During the pandemic, ordering systems like Grubhub, DoorDash and Uber Eats extended a lifeline to restaurants depending on the huge uptick in takeout orders. One downside, of course, was the hefty commission restaurants had to pay on each order — generally 15 to 30 percent of the tab. In 2020, Grubhub, which owns the Seamless online ordering brand, had to revise its phone ordering system under withering criticism that it was charging restaurants for calls, even when a diner called to ask a question and didn’t place an order. 

 

The vaunted vegetarian restaurant Mother reopened earlier this year in a new location in Midtown with an answering machine instead of a house phone. It was installed in the home of co-owners Michael and Lisa Thiemann, and its ring was silenced. The couple checked it periodically, says Michael Thiemann, but it wasn’t their main line of communication. Instead, Mother encouraged diners to reach out through Instagram or email to place an order or reserve a spot for Mother’s Thursday night “Chef’s 10” tasting menu. Recently, Mother jettisoned the answering machine entirely. Now, under the headline “Phone,” its website proclaims, “We don’t have one.” The site recommends customers place to-go orders either online or in person.

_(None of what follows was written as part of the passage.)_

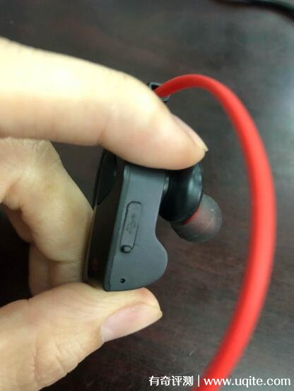 音量調節(jié)按鈕在左耳塞的側面,這樣看起來操作會有點不方便,但實際上佩戴鉑典藍牙耳機之后,很容易摸到調節(jié)音量,按鍵反應也很靈敏。充電口在耳機的下部,不影響美觀,有個防塵蓋,打開就可以充電,充滿不用一個小時,續(xù)航時間在五六個小時。

Not everyone loves the phoneless restaurant trend. In particular, older, less tech-savvy diners grumble when they can’t pick up the phone to call an eatery. Thiemann has even heard complaints from a few Gen-Xers. 

And then there are the restaurant die-hards hanging on to their house phones, costs be damned. “I understand the trend,” says Diana Dich, whose family owns Happy Takeout, a restaurant serving Chinese food in Oak Park. “I know how long it takes to take a phone order. One minute is a long time when you’re really busy.” Those phone orders are still an important part of her business, which is one big reason she sticks with a house phone. “I know a lot of people are old school. Elderly people, especially, don’t know how to use the new tablet systems and DoorDash.” 

The house phone isn’t the only old-school amenity Dich refuses to ditch: “I still take cash.”